Task goal: Only the lines from the start of the data to the line containing "小仏城山から少し歩くと登山道", both included, should be output, exactly and without pictures.

Data extract:

━━━━━━━━━━━━━━━━

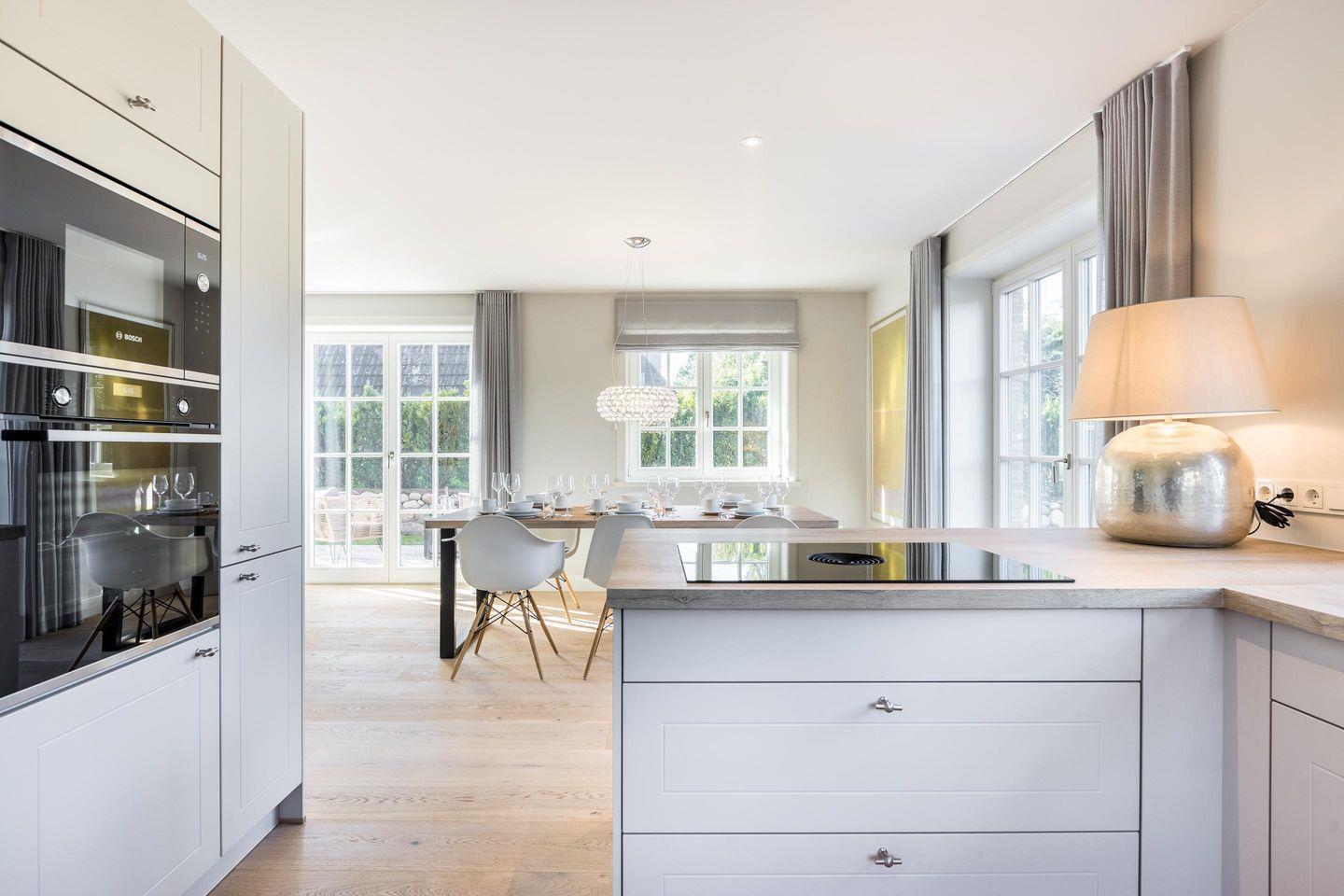 Offene Küche: Moderne und sehr hochwertig ausgestattete Küche mit Bora-Dunstabzug sowie Fenster.
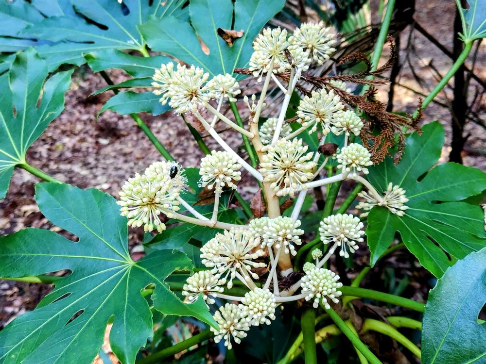 小仏城山から少し歩くと登山道には可愛いタヌキの置物がありそのそばには白いヤツデの花が咲いていました✨
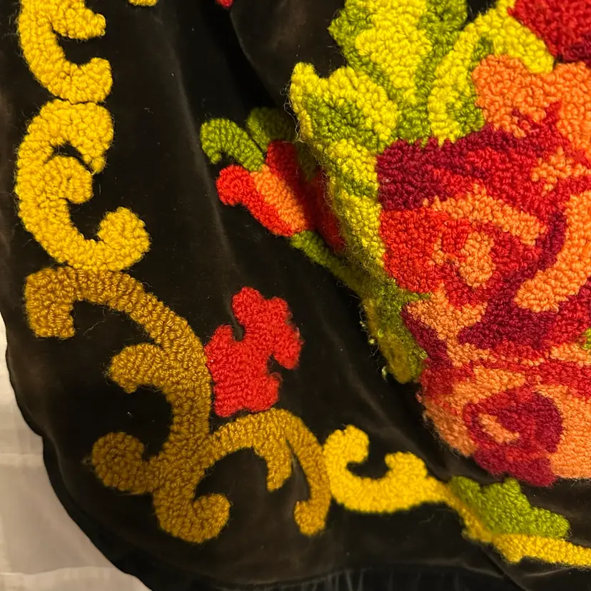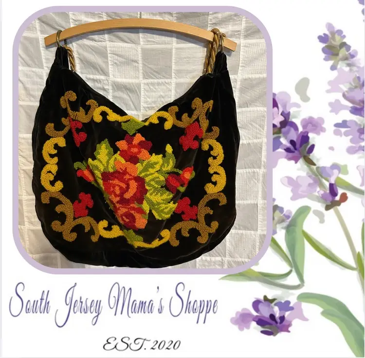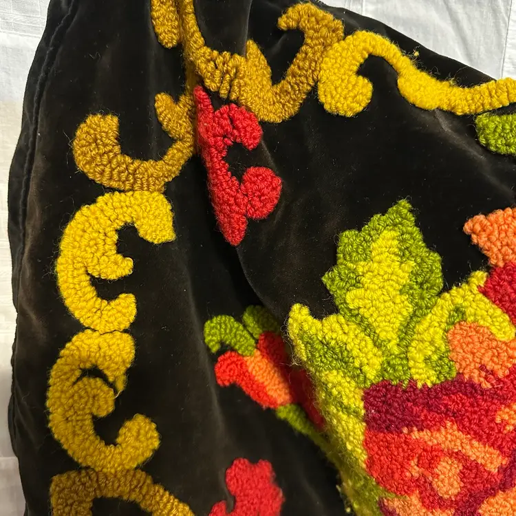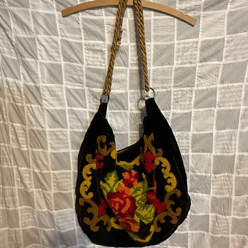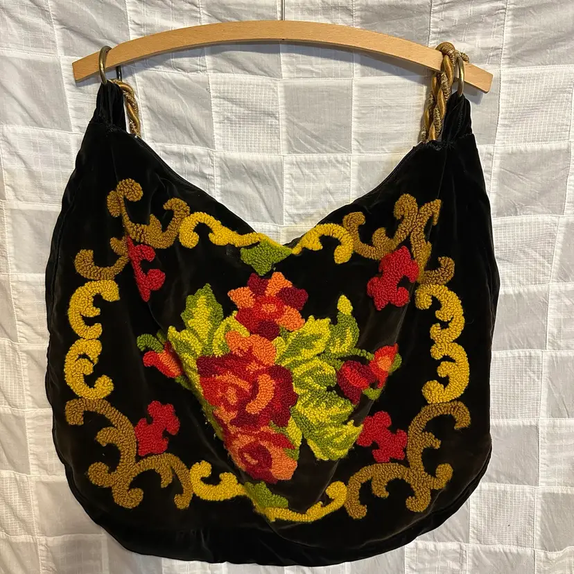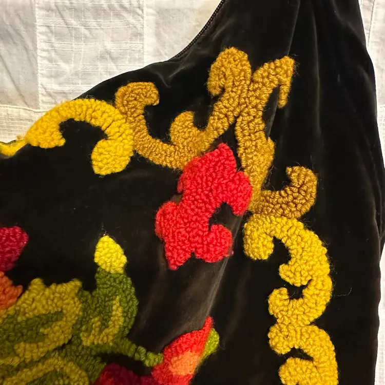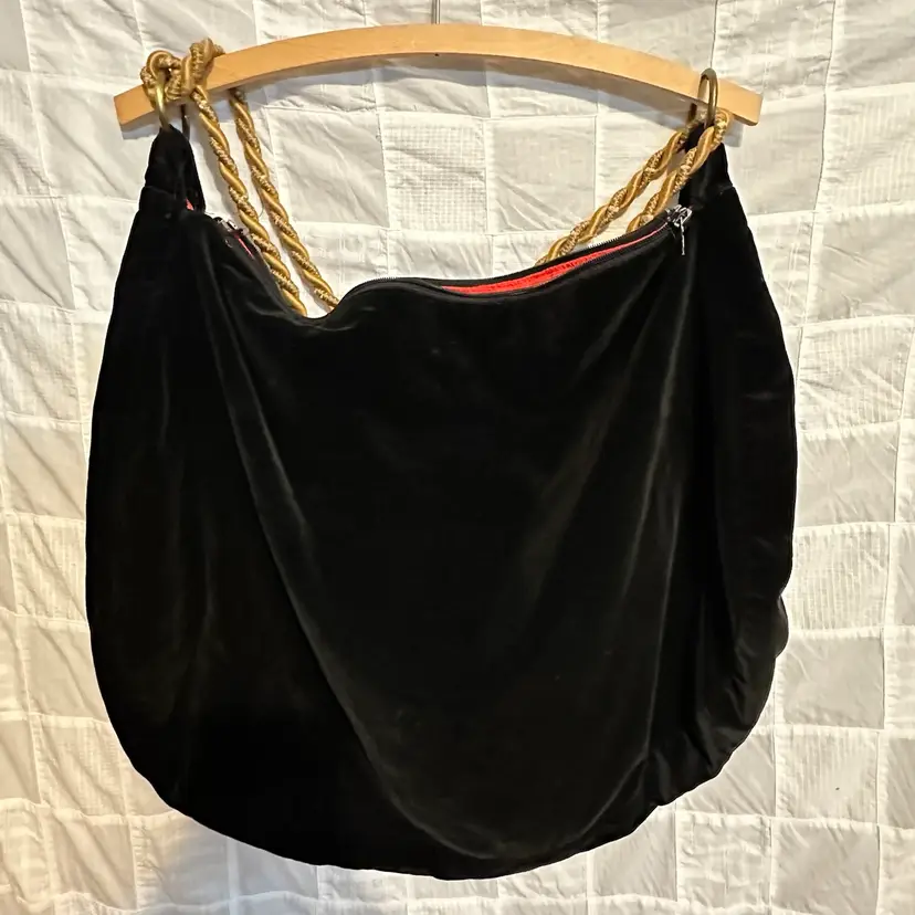Absolutely gorgeous! I’m fairly certain it’s a true velvet. The gal I got it from said her Lithuanian grandmother had handmade it. It does need zipper work, as well as you can some wear on the rope like cording she used to make the straps. She just knotted it, and that’s frayed. The inside has a smaller zippered pocket as well as a larger pouch. The inside is corduroy. No odors that I can smell, and I’m very sensitive to smells. Measures approx. 20 x 16 c 4. Overall, a gem!

━━━━━━━━━━━━━━━━

Task answer:
 Offene Küche: Moderne und sehr hochwertig ausgestattete Küche mit Bora-Dunstabzug sowie Fenster.
 小仏城山から少し歩くと登山道には可愛いタヌキの置物がありそのそばには白いヤツデの花が咲いていました✨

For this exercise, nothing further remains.